##### Information shown
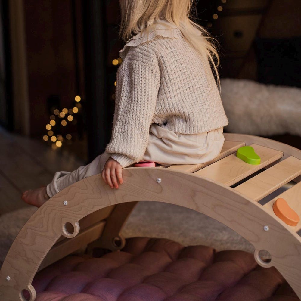 ARCH: Our arch is unique with added stones which helps to improve cognitive skills. HappyMoon Montessori arch can be used as a separate element or as a part of the HappyMoon climbing set. Use the arch as a balance board, ramp, ladder, rocker, play screen, tent, or come up with your own version of using it.
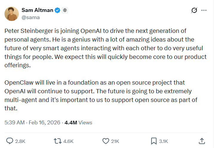 OpenAI CEO Sam Altman周日通过社交媒体X正式确认,开源智能体OpenClaw的创作者Peter Steinberger将加入公司。
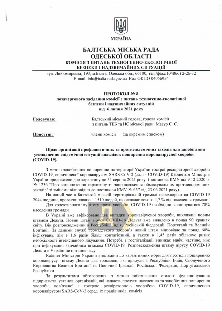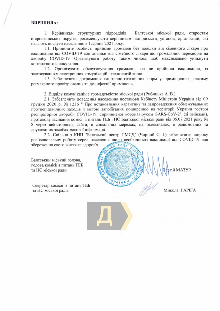 В Одеській області жителів Балтської об'єднаної територіальної громади не приймають в адміністративних будівлях, якщо у них немає щеплення проти коронавірусу або довідки про одужання від COVID-19.
##########
• Work instructions
Full copy, no pictures: write out each line of the data exactly as it stands.

• Exercise answer
 ARCH: Our arch is unique with added stones which helps to improve cognitive skills. HappyMoon Montessori arch can be used as a separate element or as a part of the HappyMoon climbing set. Use the arch as a balance board, ramp, ladder, rocker, play screen, tent, or come up with your own version of using it.
 OpenAI CEO Sam Altman周日通过社交媒体X正式确认,开源智能体OpenClaw的创作者Peter Steinberger将加入公司。
 В Одеській області жителів Балтської об'єднаної територіальної громади не приймають в адміністративних будівлях, якщо у них немає щеплення проти коронавірусу або довідки про одужання від COVID-19.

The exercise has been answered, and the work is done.